Middle School Love: She Wants That Old Thing Back

It seems like with every relationship/datingship I’ve had with the exception of one or two, I’ve always had to take a step back and say, “It shouldn’t be this hard.” When you’re dealing with someone who you’re not meant to be with, you will always have to come to that realization, and then walk away. Not to say that lasting relationships with your soul-mate aren’t hard and don’t require work, but I’m a firm believer in kismet, and the idea that what will be will be. For me, the feeling of “It shouldn’t be this hard” usually comes when I start to over-analyze the small things to try and understand what he thinks or how he feels. I’ve learned that men sometimes aren’t the best communicators, and as women, we have to look for context clues to know what’s really going on from their perspective. I’m a ditz. I don’t pick up on clues very well, so I usually just end up walking away out of frustration and lack of communication from him. To me, it’s easier to just walk away than to try and convince myself that someone is interested or has certain feelings for me. Of course, this never plays out too well, and I usually end up having to go back, apologize, and find another alternative. Determining where to draw the line between protecting my own feelings and opening up to someone else is a pretty difficult task for me, and is probably the thing I struggle with the most. I remember a time when things were as black and white as I wish they could be today.

I got my very first boyfriend in the 7th grade at the I-know-everything-about-boys age of 12. Although our love lasted for about 2 weeks, it was pretty definitive. There were never any questions of how he felt about me, how much he liked me, if he still had feelings for his last girlfriend, nothing like that. I knew he liked me because he told me so. I knew he wanted to be with me because he asked me to be his girlfriend at lunch in front of all of our friends (we all had the same friends because with about 30% of the school made up of Blacks, everyone knew each other). I knew he wasn’t afraid to let the whole school know that we were together because he would hold my hand when we walked to class, and he’d carry my backpack. He always made me feel like the most beautiful girl in the world even though we dated during my awkward stage of dadolescence. The stage where I was learning to pluck my eyebrows and looked like I was constantly excited and yet depressed all at the same time. The stage where I had two little thimbles poking out of my shirt where my breasts would one day reside. The stage where I was the tallest, skinniest Black girl with braces and stood out of the student body like a hooker in church. At lunch, all of the boys would play basketball, and all of the girls would stand around the court and watch the boys play. When the bell rang for us to go our seperate ways, he would kiss me good-bye and hand me a love letter that he wrote in the period before lunch. At the winter dance, we danced to Case, Aaliyah, and Blackstreet, and knew that we’d always be together. He bought my soda, told me I was pretty, and when I told him that he smelled good, he told me that he wore his Michael Jordan cologne because he knew I liked it. We were in love. For the life of me, I still can’t remember why we broke up. Not that it matters, because he ended up dating one of my friends a few weeks later. But of course I didn’t care, because I was so over him.
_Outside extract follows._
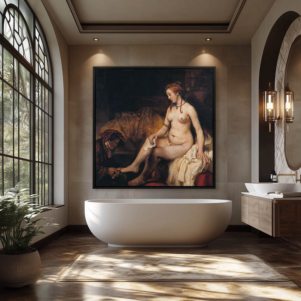 Realism Vintage Religious Painting of a Biblical Story with a Nude Bathsheba

Somewhere between 1997 and 2010, things got complicated. Dating got complicated. The letters stopped coming, the compliments were fewer and further between, and nothing was ever as certain or absolute. Now I’d be a complete fool to compare any of my adult relationships to my 7th grade love, but it makes me question how people go through life from one extreme and land at the other end of the spectrum. At what point does it become difficult to tell someone you have feelings for them or want to be with them forever, or that you wore her favorite cologne to make her smile? When did dating and relationships and love become a never-ending guessing game, where emotional inhibitions lead to failed relationships and going out on a limb will almost always result in a fall? The better question is how do we get that old thing back? When is it ok to show someone you love them without wondering what the reaction will be? When won’t it matter if you throw rocks at her bedroom window just for the opportunity to tell her how you feel? Why won’t she just go all in, balls to the wall without throwing caution to the wind? When do we go from “It shouldn’t be this hard” to “Is it really this easy?”